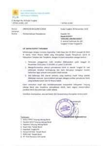 Dalam surat pemberitahuan itu, pihak PLN terpaksa memadamkan sebagian jalur selama proses pekerjaan penggantian Trafo.
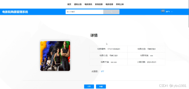 (6)电影信息:用户可以查看电影的所有信息,包括影院名称、电影编号、电影名称、电影分类、电影导演、电影主演、上映日期、电影时长、电影场次、放映影厅、放映时间、电影票价、影院地址、电影介绍等。支持通过电影名称或电影分类搜索的方式对电影信息进行查询,在查询到自己想要了解的电影信息的时候,可以进入查看详细的介绍,点击“购票”这一按钮以后会跳转到电影购票信息填写的界面,根据提示填写好购票的信息,点击“提交”以后购票就完成了,在电影信息详情这个界面,同时支持用户对喜欢的电影信息进行收藏、点赞以及评论的功能。
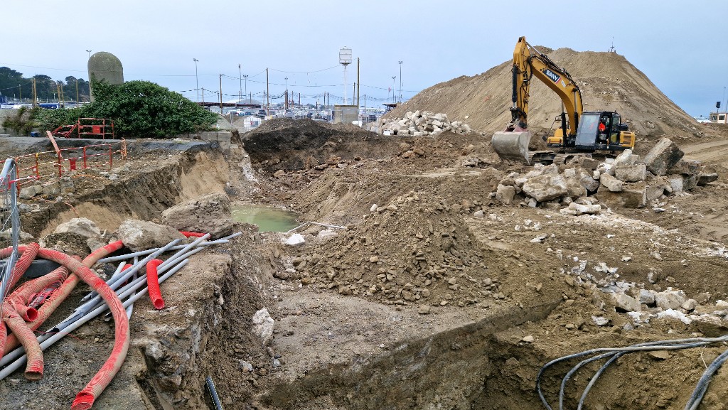 Vue de situation depuis l'est-nord-est (couverture photographique du 17 décembre 2025). Au premier plan, des vestiges maçonnés non identifiés en connexion avec l'avant-port de Saint-ServanImmatriculation
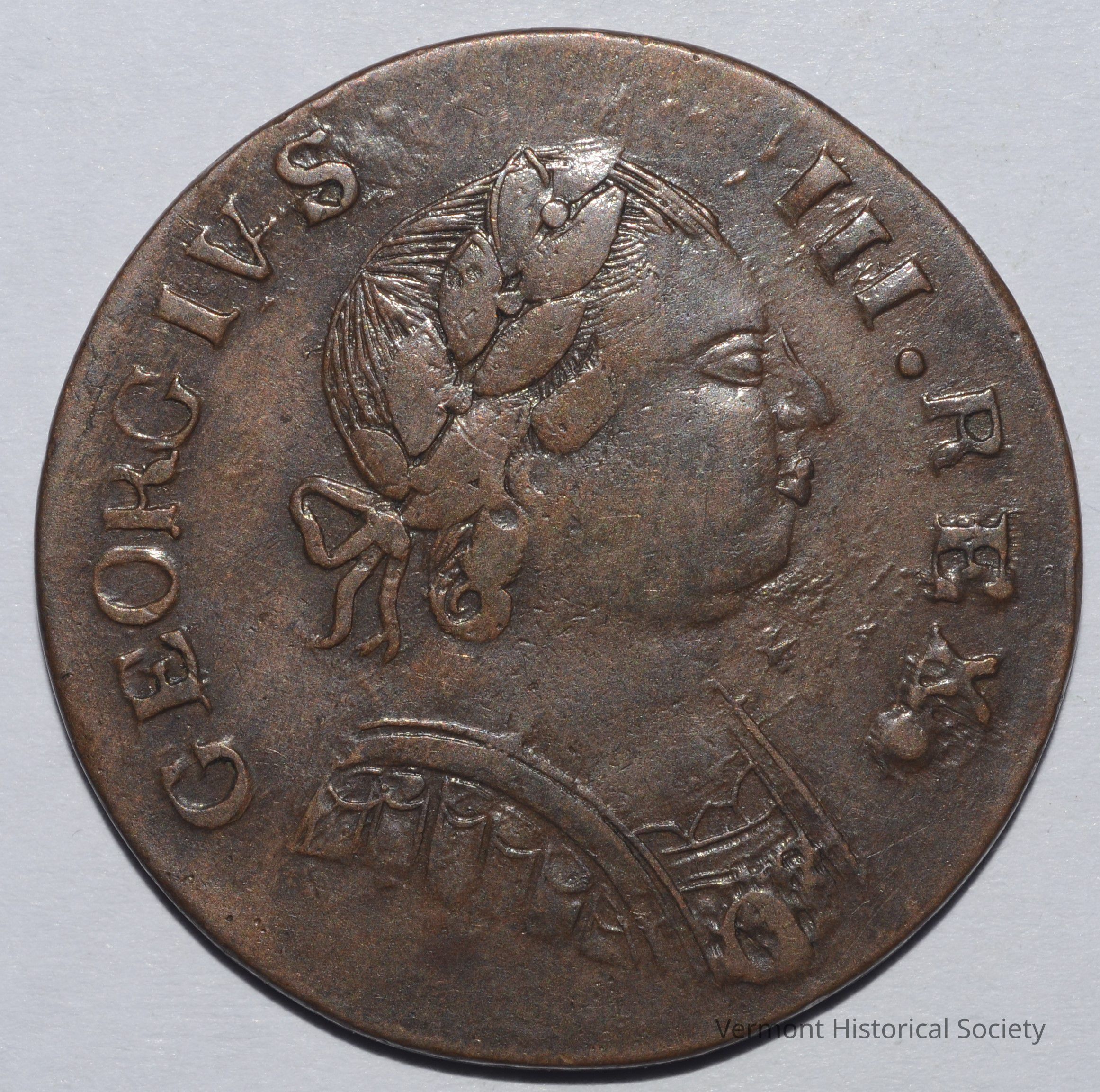 Machin's Mills imitation British halfpenny. The obverse is struck with an image of a Roman bust facing right and the words, "GEORGIUS III REX" around the edge. The reverse is struck with an allegorical woman draped in fabric holding a stem of wheat and staff, seated beside a shield bearing the English flag. The word "BRITANNIA" is around the edge and the date 1787 is at the center bottom.

────────────────

Reproduce each line above exactly, but not a single picture.

OUTPUT FOR THIS EXERCISE:
 Dalam surat pemberitahuan itu, pihak PLN terpaksa memadamkan sebagian jalur selama proses pekerjaan penggantian Trafo.
 (6)电影信息:用户可以查看电影的所有信息,包括影院名称、电影编号、电影名称、电影分类、电影导演、电影主演、上映日期、电影时长、电影场次、放映影厅、放映时间、电影票价、影院地址、电影介绍等。支持通过电影名称或电影分类搜索的方式对电影信息进行查询,在查询到自己想要了解的电影信息的时候,可以进入查看详细的介绍,点击“购票”这一按钮以后会跳转到电影购票信息填写的界面,根据提示填写好购票的信息,点击“提交”以后购票就完成了,在电影信息详情这个界面,同时支持用户对喜欢的电影信息进行收藏、点赞以及评论的功能。
 Vue de situation depuis l'est-nord-est (couverture photographique du 17 décembre 2025). Au premier plan, des vestiges maçonnés non identifiés en connexion avec l'avant-port de Saint-ServanImmatriculation
 Machin's Mills imitation British halfpenny. The obverse is struck with an image of a Roman bust facing right and the words, "GEORGIUS III REX" around the edge. The reverse is struck with an allegorical woman draped in fabric holding a stem of wheat and staff, seated beside a shield bearing the English flag. The word "BRITANNIA" is around the edge and the date 1787 is at the center bottom.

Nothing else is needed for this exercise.